> _The problem_
Pictures in the material below are to be left out, and only the lines from the line with "dar más detalles." up to and including the line with "Σεισμική δόνηση μεγέθους" are to be written out exactly.

> _Data_
┌──

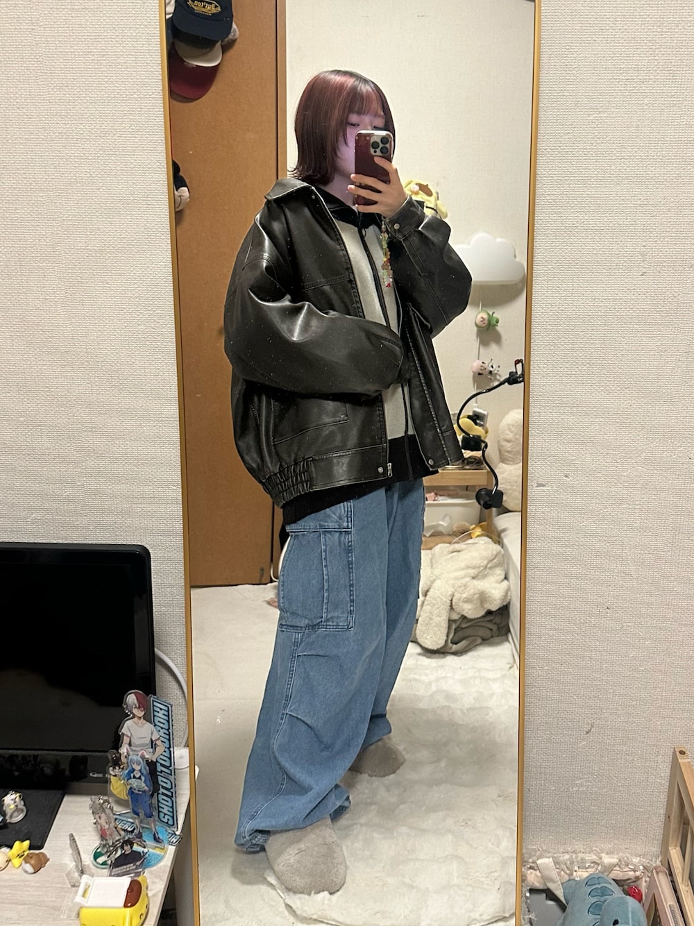 るる 🥦低身長コーデ🥬のブルゾン「ヴィンテージライクフェイクレザーBIGブルゾン」を使ったコーディネート
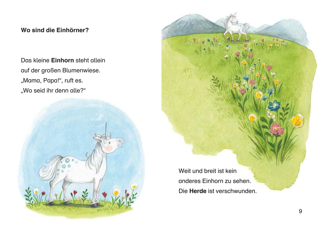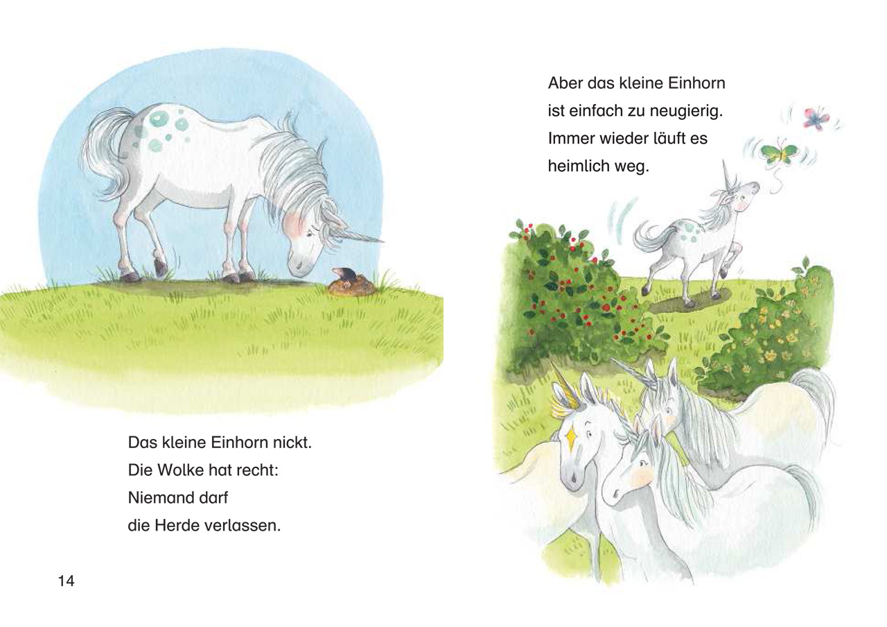 mit Spotlack und Stickerbogen Das kleine Einhorn ist sehr neugierig und will alles erkunden doch plötzlich steht es ganz allein auf der Wiese. Seine Herde ist weg! Schnell macht das Einhorn sich auf die Suche und begegnet dabei einem funkelnden Stern, der vom ...
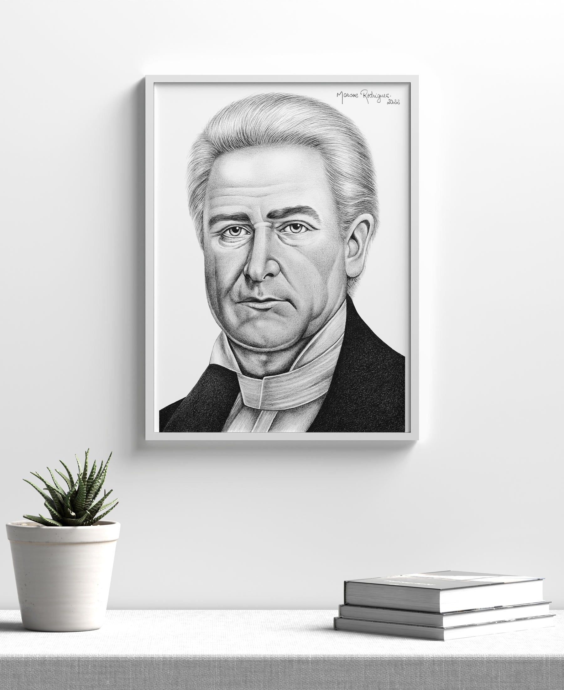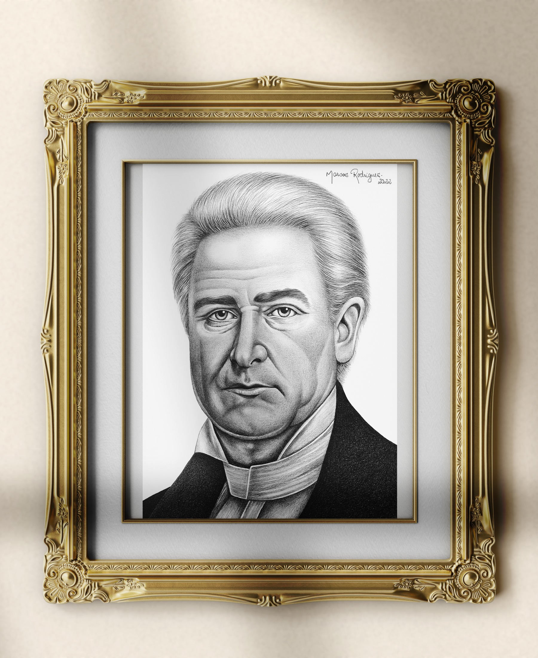Print artístico exclusivo com o retrato de Basil Manly Jr. (1825-1892), pastor, professor e educador batista americano que se destacou como um dos primeiros professores da Southern Baptist Theological Seminary e presidente da Georgetown College, sendo figura importante na história da educação batista. (<a href="https://en.wikipedia.org/wiki/Basil_Manly_Jr.?utm_source=chatgpt.com" title="Basil Manly Jr.">Wikipedia</a>)
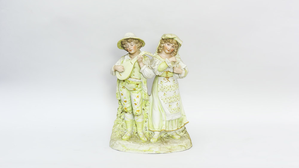 GRUPPO IN BISCUIT dipinto nei toni pastello, raffigurante due contadinelli,...
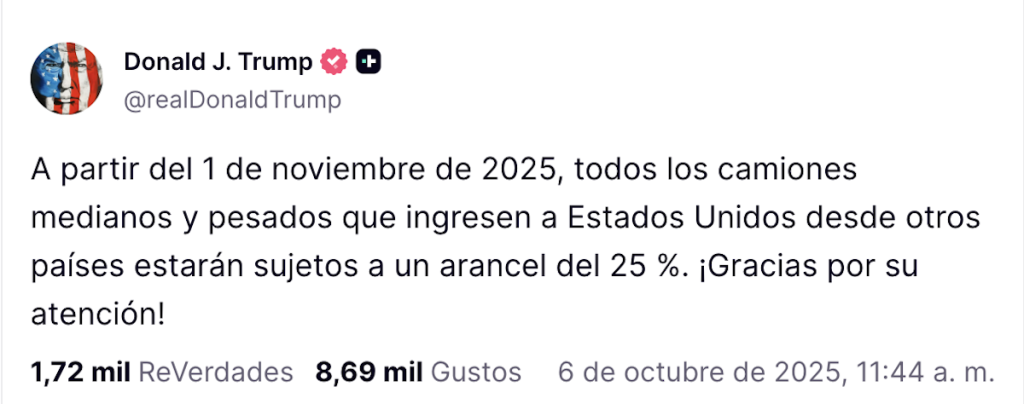 “A partir del 1 de noviembre de 2025, todos los camiones medianos y pesados que ingresen a Estados Unidos desde otros países estarán sujetos a un arancel del 25 %. ¡Gracias por su atención!”, escribió Trump este lunes en su red Truth Social sin dar más detalles.
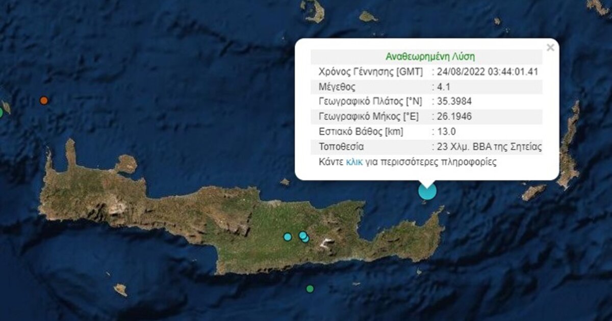 Σεισμική δόνηση μεγέθους 4,1 βαθμών της κλίμακας Ρίχτερ σημειώθηκε στις 6:44 το πρωί της Τετάρτης στην Κρήτη.
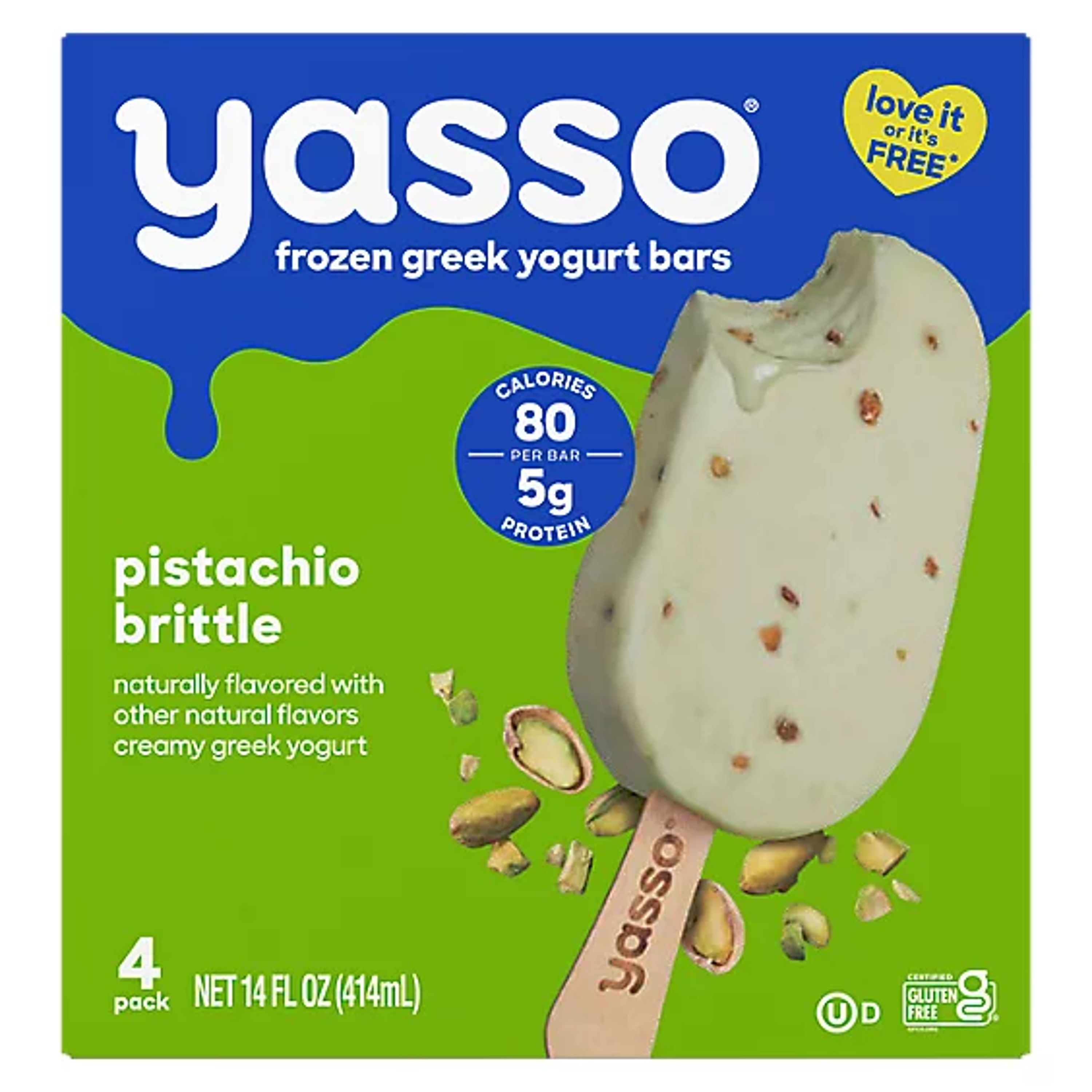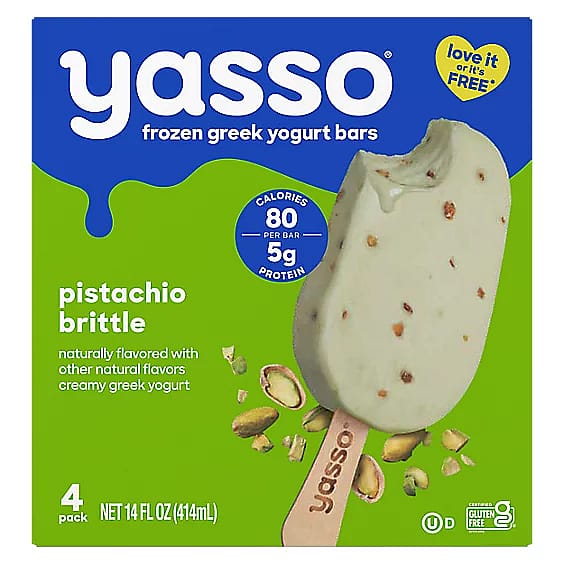 A 4‑pack of frozen Greek yogurt bars featuring creamy pistachio‑flavored Greek yogurt blended with crunchy pistachio brittle pieces. Each bar has a nutty flavor and smooth texture, offering about 80 calories and 5 g of protein per serving. Made with quality ingredients and no artificial additives, these gluten‑free bars deliver a refreshing, lighter alternative to traditional ice cream treats straight from the freezer.

└──

> _Result of the exercise_
 “A partir del 1 de noviembre de 2025, todos los camiones medianos y pesados que ingresen a Estados Unidos desde otros países estarán sujetos a un arancel del 25 %. ¡Gracias por su atención!”, escribió Trump este lunes en su red Truth Social sin dar más detalles.
 Σεισμική δόνηση μεγέθους 4,1 βαθμών της κλίμακας Ρίχτερ σημειώθηκε στις 6:44 το πρωί της Τετάρτης στην Κρήτη.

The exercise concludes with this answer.